Let me see if I can post a few very eye opening samples... I NEVER EQ my LP rips (nor compress or mess with them)...poor CDs wind up feeling and whining like Beaker from the Muppets...

beaker.gif
 
Some of you guys seem really bitter about vinyl. What happened to induce such hatred?

Doug

I don't "hate" the LP. I just put up with 30+ years of magazines like Stereophile and other "audiophile" groups telling me what GARBAGE digital is (which is pure absolute bullcrap). Many of these same rags perpetuated audiophile myths and snake oil in many other areas as well, putting advertising dollars above actual factual and scientifically testable truth. ABX boxes made it plenty simple for them to find out what is truly audible and what is not, but they rarely, if ever used them because it would defeat their subjective claims and quite possibly cost them tons of advertising. What they did to Bob Carver with his TFM modified amps was just sad (admitting it worked and they couldn't tell with the prototype but then claiming the end manufactured result was garbage without any proof behind those claims whatsoever).

In truth, the LP format itself really cannot be compared to even 16/44.1 digital. There is no argument to be made here. Yes, there are a lot of bad CD releases, but that's purely the mastering stage (louder! LOUDER!) not the format's fault. Some LPs sound better because they literally cannot compress them any further without the needle jumping all over the place. So yeah, there are some better LPs, but it's not because the LP itself is some great format. It's an ancient format played with a needle for god's sake. It's amazing it can sound as good as it can, really, but I've had brand new LPs that are just NOISE scraping along in the background because they used recycled vinyl. I can digitize it and remove problems like that, but then my end result is digital.
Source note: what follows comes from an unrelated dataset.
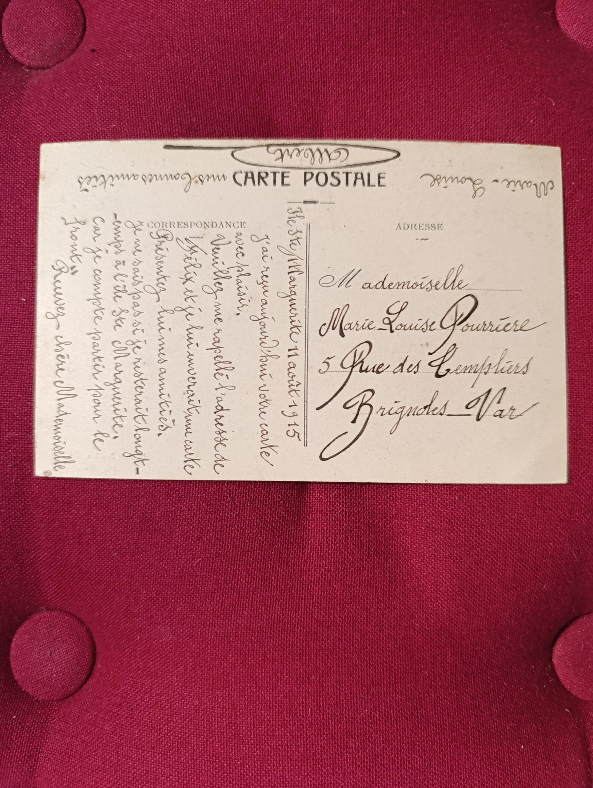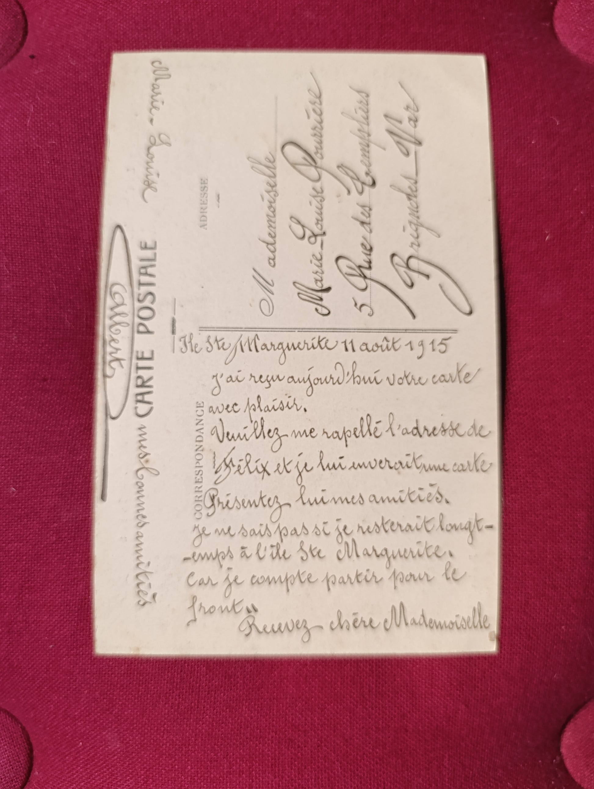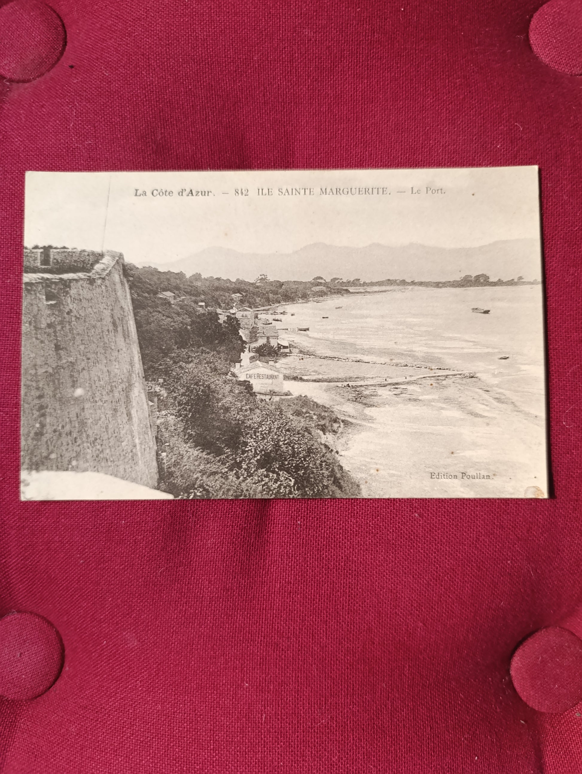 Carte postale ancienne représentant le port de l’Île Sainte-Marguerite, au large de Cannes. Belle vue panoramique sur la côte, la mer et les installations portuaires, avec reliefs en arrière-plan. Carte emblématique de la Côte d’Azur au début du XXe siècle. Carte écrite et circulée, datée de 1915, avec correspondance manuscrite bien lisible. Légères marques du temps et petite usure normale pour l’âge, ensemble en bon état de conservation. Très recherchée par les collectionneurs de Provence, îles, vues maritimes et cartes anciennes de la Riviera.

Without a nice high-end vacuum cleaning system, it can be very hard to get the dirt out of the grooves (I've tried washing by hand, etc.) with old/used records (clearly many have more patience than I do) and the static issues with pops and the tiniest dust particles causing clicks and it getting worse with every play (e.g. My DSOTM 30th Anniversary edition sounded about as good as any vinyl record can possibly sound on the first play with no significant noise or clicks and I'm glad I recorded it on that pass because after even a dozen plays, surface noise has increased and there are now little clicks to be found. I'm sure many vinyl fans can just tune that crap out, but it grates on my nerves. But I can play the digital copy I've recorded and even remove clicks/pops and even surface noise with Izotope RX, but then I'm listening to "digital" in the end once again, so what was the point other than to get the occasional better mastered recordings to sound as good as they can?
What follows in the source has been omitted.